2 entry daha
  • padişah sultan mahmut bir gün tebdil-i kıyafet ederek halkın içine çıkar
    ve bir yerde iki dilenci ile karşılaşır ve kendisini vezir olarak tanıtır,
    padişah namına sorar padişahımızdan memnun musunuz diye, dilencilerden biri padişahımızın allah zevalini vermesin ondan allah razı olsun diye padişaha methiyeler okur, (tabi osmanlı geleneğinde padişaha methiye yağdırmak bahşişle ödüllendirilen bir davranıştır, zaten şimdilerde yok olmaya yüz tutan el öpen çocuklara para vermek geleneğimiz ordan gelir) bundan etkilenen ve dilencinin haline acıyan padişah saraya gidince bir büyük bir tepsi baklava hazırlatır ve baklavanın altına altın sikkeler döşetir ve askerlerine bunu o dilenciye götürmelerini emreder, askerler baklava tepsisini dilneciye götürerek :

    -al bu padişahımızın sana hediyesidir. derler...

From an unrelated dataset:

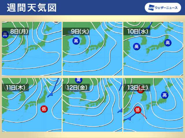 来週末の13日(土)から14日(日)にかけて、西から2つの低気圧が日本付近を通過する見通しです。

    dilenci tepsiyi almasına alır ama askerler gittikten sonra serzenişe
    başlar :

    -koskoca padişahın hediyesine bak der ve tepsiyi yanındaki bir başka
    dilenciye verir.

    başka bir zaman gene padişah tebdil-i kıyafet ederek halkın içine çıkar
    ve bir de bakar ki aynı dilenci hala dileniyor, dilenciye sorar -geçen
    padişahın sana yolladığı baklava tepsisini beğendin mi, diye... tabi bu
    diyalogtan dilencinin baklavanın içindeki altınları farketmeden burun
    kıvırıp baklava tepsisini başkasına verdiği anlaşılmış, ama dilenci
    giden altınlara üzülmesin diye dilenciye hissettirilmemiş...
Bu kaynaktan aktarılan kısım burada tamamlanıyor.